**Exercise brief**
The material below holds the lines to copy: from the one with "株式会社大場組では、お客様対応の品質向上および円滑なご案内のため、" up to and including the one with "Na kraju su". Copy them exactly and skip the pictures.

**Provided data**
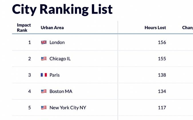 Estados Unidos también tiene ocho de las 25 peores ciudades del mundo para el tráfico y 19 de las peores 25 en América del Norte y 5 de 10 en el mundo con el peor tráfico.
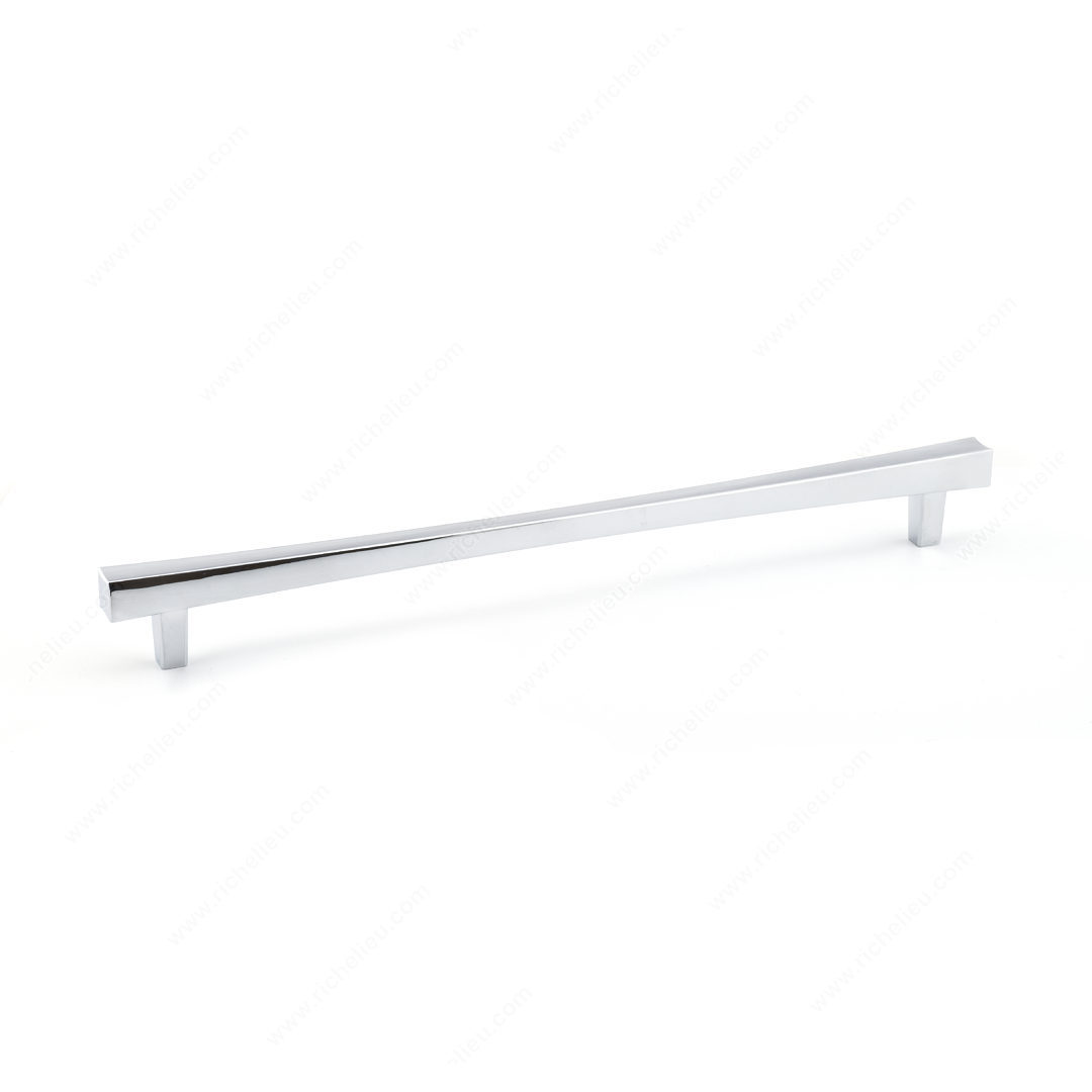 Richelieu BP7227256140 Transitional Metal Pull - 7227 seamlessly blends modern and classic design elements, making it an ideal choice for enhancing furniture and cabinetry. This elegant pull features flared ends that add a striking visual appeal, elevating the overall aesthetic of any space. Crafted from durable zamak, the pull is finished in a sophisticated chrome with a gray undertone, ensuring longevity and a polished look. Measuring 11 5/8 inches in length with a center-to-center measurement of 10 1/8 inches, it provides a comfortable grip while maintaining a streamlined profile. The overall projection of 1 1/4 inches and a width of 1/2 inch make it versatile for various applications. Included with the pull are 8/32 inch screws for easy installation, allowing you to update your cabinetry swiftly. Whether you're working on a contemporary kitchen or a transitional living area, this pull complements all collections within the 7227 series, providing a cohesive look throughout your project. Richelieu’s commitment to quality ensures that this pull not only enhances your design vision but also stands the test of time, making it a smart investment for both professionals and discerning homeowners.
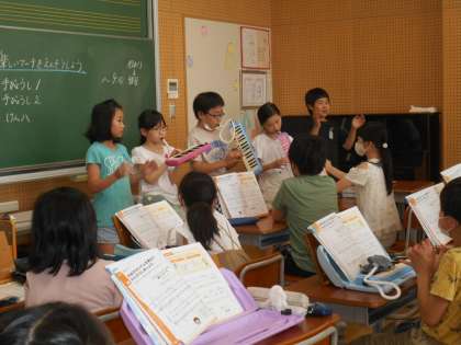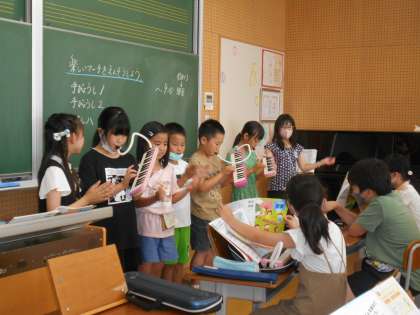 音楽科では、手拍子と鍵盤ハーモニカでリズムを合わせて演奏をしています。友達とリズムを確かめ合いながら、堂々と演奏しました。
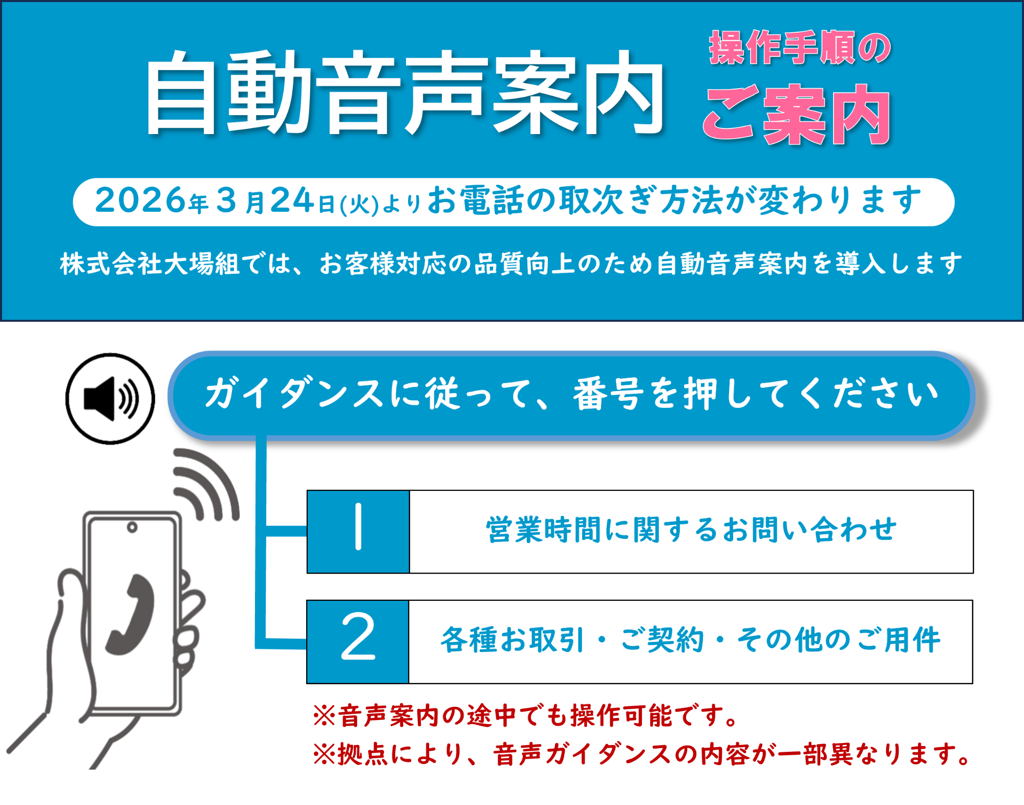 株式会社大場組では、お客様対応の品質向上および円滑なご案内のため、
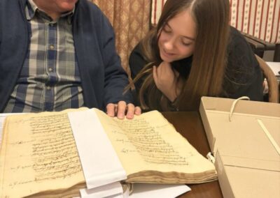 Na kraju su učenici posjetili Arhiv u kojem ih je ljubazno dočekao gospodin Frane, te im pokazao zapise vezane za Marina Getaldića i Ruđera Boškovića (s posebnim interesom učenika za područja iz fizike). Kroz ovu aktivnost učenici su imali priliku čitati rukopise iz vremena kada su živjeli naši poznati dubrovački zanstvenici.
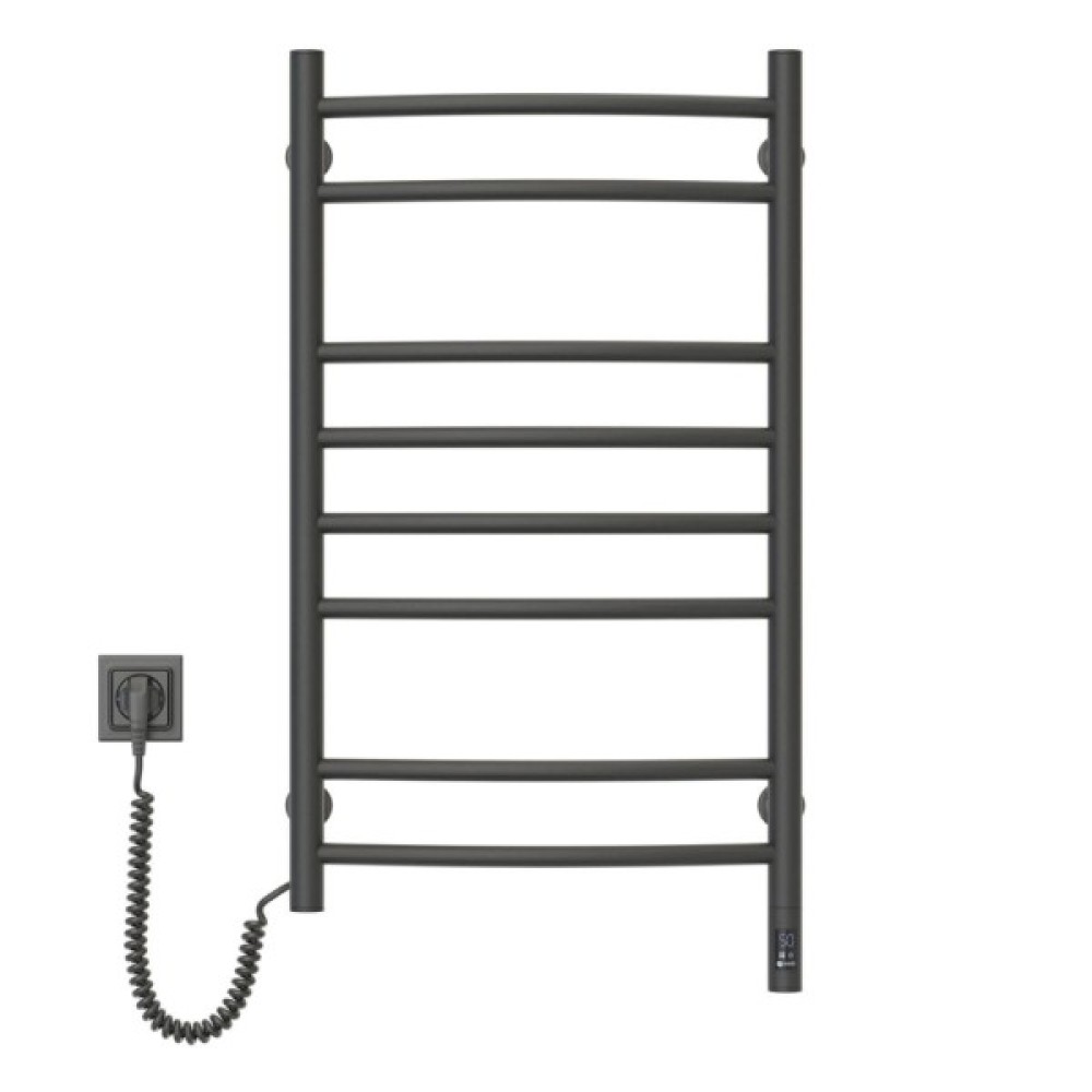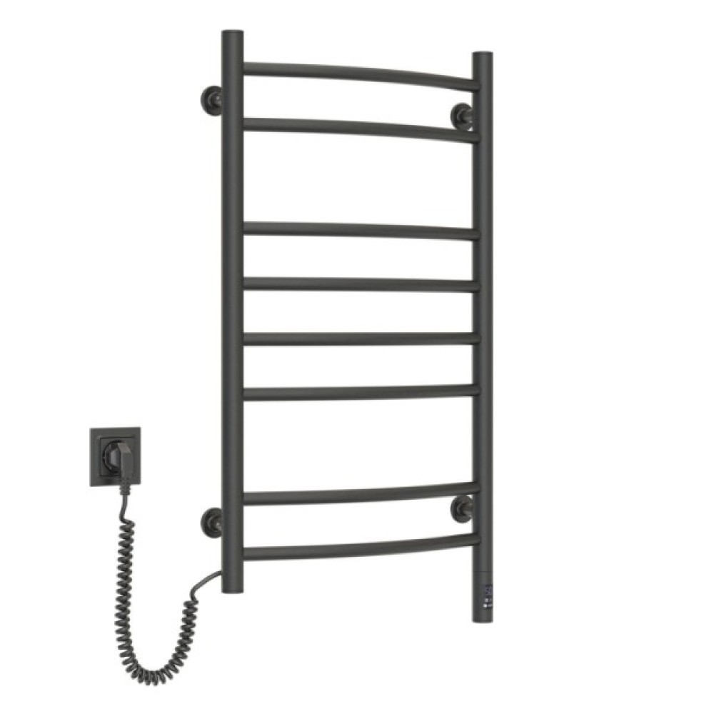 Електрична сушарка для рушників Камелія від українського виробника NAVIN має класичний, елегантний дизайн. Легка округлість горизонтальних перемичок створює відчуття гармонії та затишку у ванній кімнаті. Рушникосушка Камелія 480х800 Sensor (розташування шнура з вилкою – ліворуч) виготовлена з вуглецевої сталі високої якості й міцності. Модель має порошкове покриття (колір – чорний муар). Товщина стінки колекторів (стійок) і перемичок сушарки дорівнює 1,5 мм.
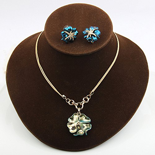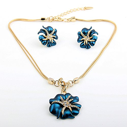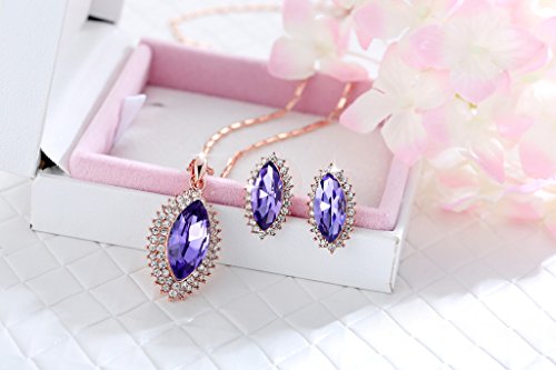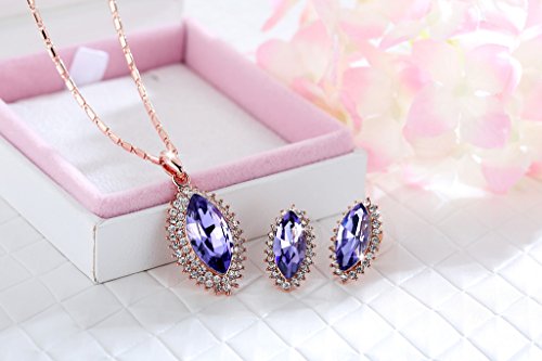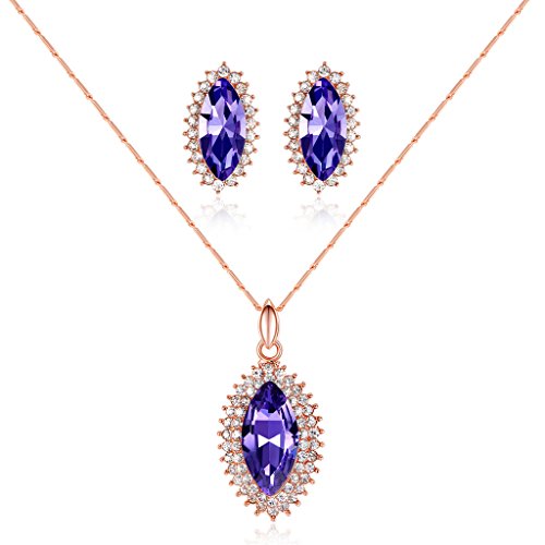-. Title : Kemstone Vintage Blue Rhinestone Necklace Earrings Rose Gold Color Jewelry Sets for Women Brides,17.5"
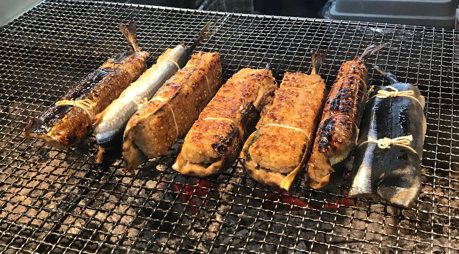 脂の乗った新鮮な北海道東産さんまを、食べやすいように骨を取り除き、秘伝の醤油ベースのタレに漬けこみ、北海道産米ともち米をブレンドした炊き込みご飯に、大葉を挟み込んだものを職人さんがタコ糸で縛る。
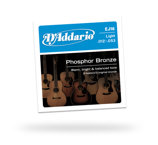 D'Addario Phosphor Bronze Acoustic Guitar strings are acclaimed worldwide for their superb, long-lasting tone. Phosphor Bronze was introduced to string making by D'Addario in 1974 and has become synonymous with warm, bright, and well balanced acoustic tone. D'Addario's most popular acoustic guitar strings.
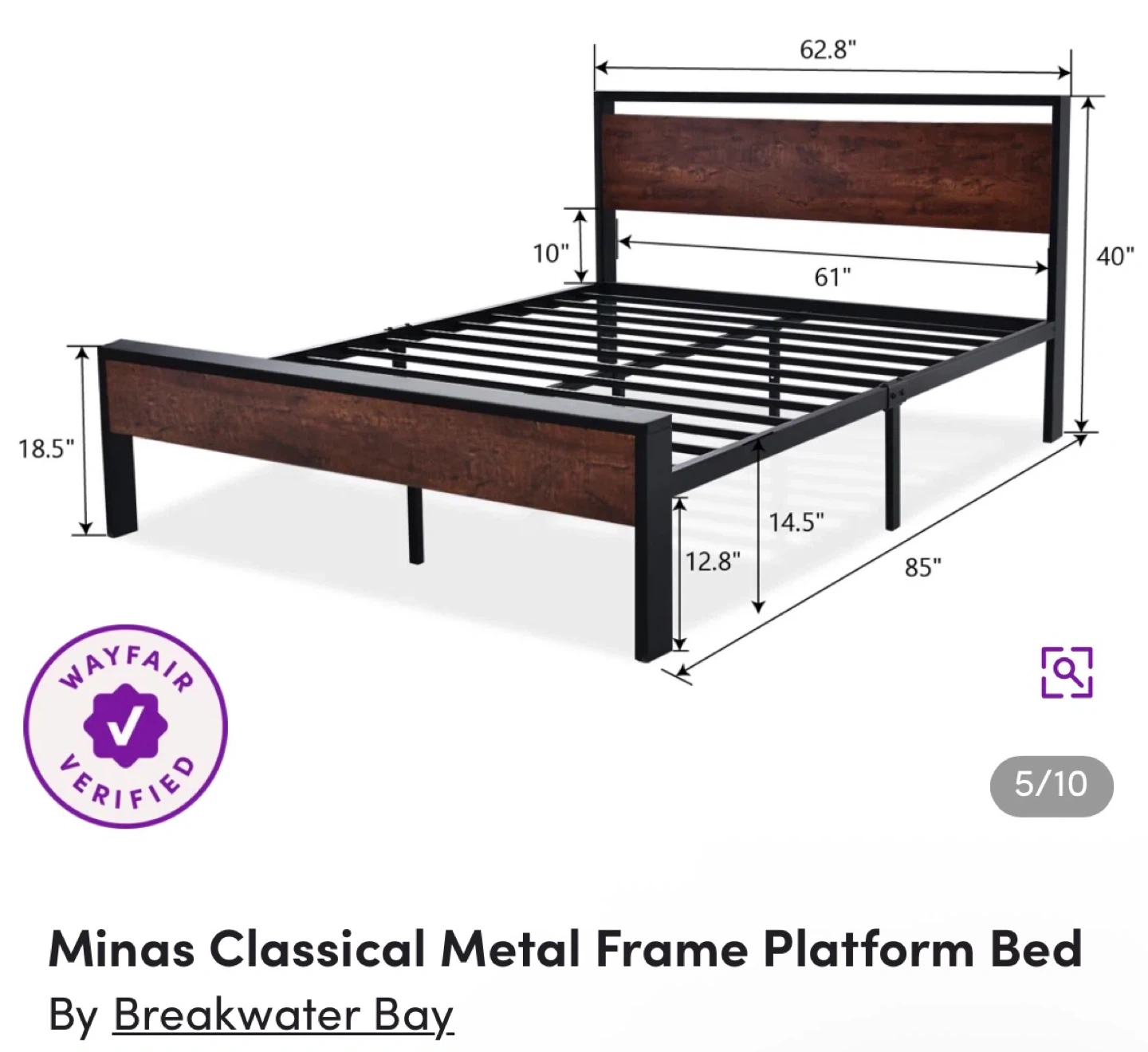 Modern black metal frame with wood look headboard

**Output for this exercise**
 株式会社大場組では、お客様対応の品質向上および円滑なご案内のため、
 Na kraju su učenici posjetili Arhiv u kojem ih je ljubazno dočekao gospodin Frane, te im pokazao zapise vezane za Marina Getaldića i Ruđera Boškovića (s posebnim interesom učenika za područja iz fizike). Kroz ovu aktivnost učenici su imali priliku čitati rukopise iz vremena kada su živjeli naši poznati dubrovački zanstvenici.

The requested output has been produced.